The invention relates to a driving method for a display panel, specifically addressing the issue of display quality degradation due to signal interference or voltage imbalances between pixel and common electrodes in sub-pixels. The method improves image accuracy by dynamically compensating for voltage fluctuations in the display panel. The display panel includes multiple sub-pixels, each with a pixel electrode and a common electrode. The method involves determining a data signal for each sub-pixel based on the image to be displayed. A compensation data signal is then calculated for each sub-pixel, derived from the determined data signal. Both the original data signal and the compensation data signal are simultaneously applied to the pixel electrode of each sub-pixel. The compensation data signal is specifically set to half the value of a maximum sensing signal generated on the common electrode when the original data signal is applied. This approach ensures that voltage imbalances are minimized, enhancing display uniformity and reducing artifacts. The method is particularly useful in high-resolution or high-contrast displays where precise voltage control is critical.
2. The method of claim 1 , wherein the display panel is capable of displaying L gray scales, and the maximum sensing signal at each gray scale is determined by means of a lookup table, the lookup table being constructed by: acquiring a maximum sensing signal generated on the common electrode of a sub-pixel when the data signal corresponding each of the L gray scales is provided to the pixel electrode of the sub-pixel; and storing a correspondence relationship between the data signal, the L gray scales and the maximum sensing signal in the lookup table, where L is an integer greater than or equal to 1.

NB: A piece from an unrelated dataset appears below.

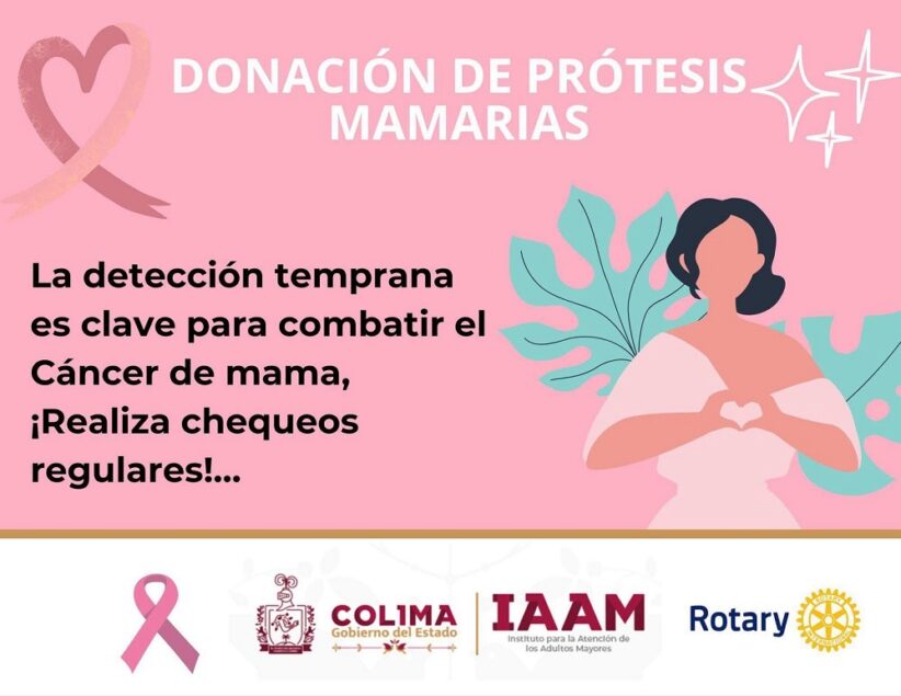 El Instituto para la Atención de los Adultos Mayores (IAAM) del Gobierno del Estado de Colima, en coordinación con el Club Rotario Internacional, entregará prótesis mamarias para las mujeres luchadoras del cáncer de mama.

This invention relates to display technology, specifically to a method for determining maximum sensing signals in a display panel to improve touch sensing accuracy. The problem addressed is the variability in sensing signals due to different gray scales displayed on the panel, which can degrade touch detection performance. The solution involves creating a lookup table that maps gray scale values to corresponding maximum sensing signals for each sub-pixel. The method begins by acquiring the maximum sensing signal generated on a common electrode when a data signal corresponding to each of the L gray scales is applied to the pixel electrode of a sub-pixel. This process is repeated for all L gray scales, where L is an integer greater than or equal to 1. The acquired data is then used to construct a lookup table that stores the correspondence relationship between the data signal, the gray scales, and the maximum sensing signal. This lookup table allows the system to accurately determine the maximum sensing signal for any given gray scale, compensating for variations caused by different display states. The approach ensures consistent touch sensing performance across all gray levels, enhancing the reliability of touch interactions in display panels.
3. The method of claim 1 , wherein the display panel is capable of displaying L gray scales, the compensation data signal comprises L compensation data signals for each sub-pixel, and the maximum sensing signal is determined by: acquiring, for W gray scales among the L gray scales, the maximum sensing signals Vripple,W generated on the common electrode of a sub-pixel when the data signals VW corresponding to the W gray scales are provided respectively to the pixel electrode of the sub-pixel, where 1≤W<L; determining a functional relationship between a proportional coefficient MW and the data signal VW according to a formula of Vripple,W=VW*MW*(VW−Vw0)/Vwp and W data signals VW, W maximum sensing signals Vripple,W, the data signal Vw0 corresponding to a smallest gray scale among the W gray scales and the data signal Vwp corresponding to a largest gray scale among the W gray scales; and for each gray scale of the L gray scales, determining a respective proportional coefficient M according to the data signal V and the functional relationship and calculating the maximum sensing signal Vripple according to a formula of Vripple=V*M*(V−VL0)/VLp, the data signal V, the respective proportional coefficient M, the data signal VL0 corresponding to a smallest gray scale among the L gray scales, and the data signal VLp corresponding to a largest gray scale among the L gray scales.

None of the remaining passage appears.